● Records for processing:
[Start of Attachment]

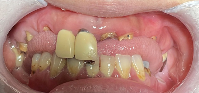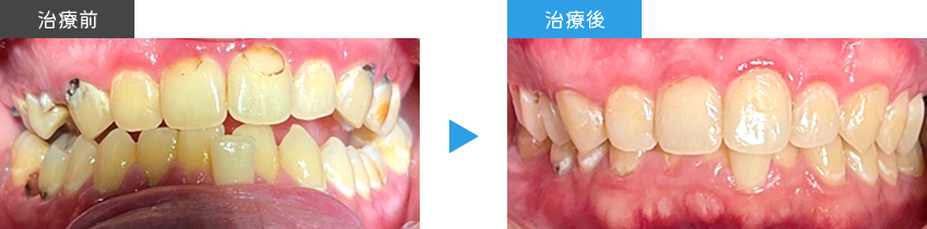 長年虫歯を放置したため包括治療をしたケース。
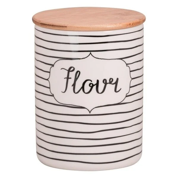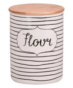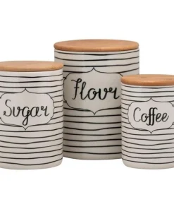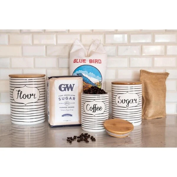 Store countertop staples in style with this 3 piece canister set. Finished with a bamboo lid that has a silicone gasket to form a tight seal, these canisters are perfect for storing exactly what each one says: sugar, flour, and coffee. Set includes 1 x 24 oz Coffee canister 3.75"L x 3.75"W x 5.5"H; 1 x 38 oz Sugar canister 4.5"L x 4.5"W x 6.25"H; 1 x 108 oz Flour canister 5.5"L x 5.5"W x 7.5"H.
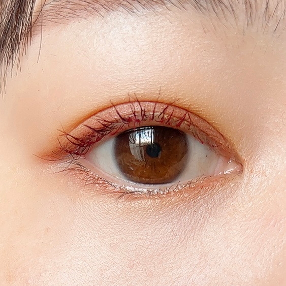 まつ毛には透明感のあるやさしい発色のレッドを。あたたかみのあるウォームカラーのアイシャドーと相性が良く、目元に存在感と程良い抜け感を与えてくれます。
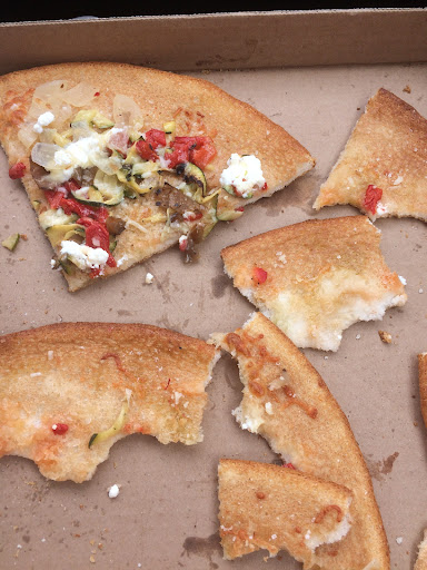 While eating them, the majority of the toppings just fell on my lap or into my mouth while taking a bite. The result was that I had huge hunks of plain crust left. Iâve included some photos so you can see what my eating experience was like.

[End of Attachment]
[Start of Attachment]

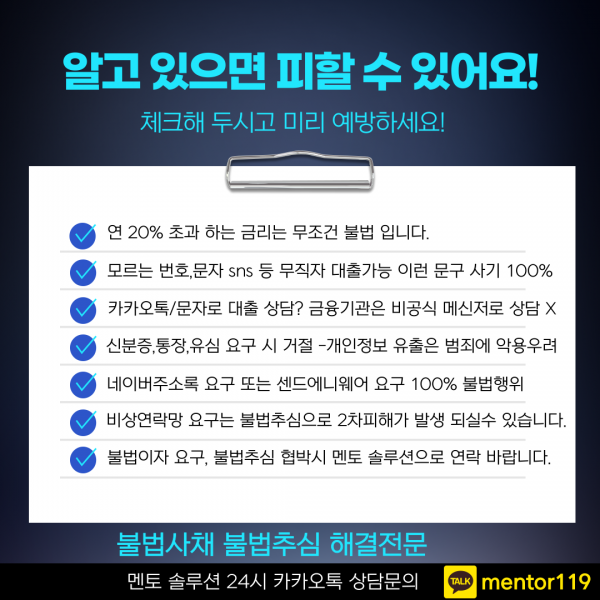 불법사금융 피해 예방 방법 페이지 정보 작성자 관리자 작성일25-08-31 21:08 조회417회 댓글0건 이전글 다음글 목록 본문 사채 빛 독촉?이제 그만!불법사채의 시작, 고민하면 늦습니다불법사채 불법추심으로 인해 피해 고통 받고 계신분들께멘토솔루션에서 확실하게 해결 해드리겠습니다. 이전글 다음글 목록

[End of Attachment]

● Exercise description:
Within the material above, find the part that opens with the line containing "長年虫歯を放置したため包括治療をしたケース。" and closes with the line containing "While eating them, the", and reproduce it exactly without the pictures.

● Response area:
 長年虫歯を放置したため包括治療をしたケース。
 Store countertop staples in style with this 3 piece canister set. Finished with a bamboo lid that has a silicone gasket to form a tight seal, these canisters are perfect for storing exactly what each one says: sugar, flour, and coffee. Set includes 1 x 24 oz Coffee canister 3.75"L x 3.75"W x 5.5"H; 1 x 38 oz Sugar canister 4.5"L x 4.5"W x 6.25"H; 1 x 108 oz Flour canister 5.5"L x 5.5"W x 7.5"H.
 まつ毛には透明感のあるやさしい発色のレッドを。あたたかみのあるウォームカラーのアイシャドーと相性が良く、目元に存在感と程良い抜け感を与えてくれます。
 While eating them, the majority of the toppings just fell on my lap or into my mouth while taking a bite. The result was that I had huge hunks of plain crust left. Iâve included some photos so you can see what my eating experience was like.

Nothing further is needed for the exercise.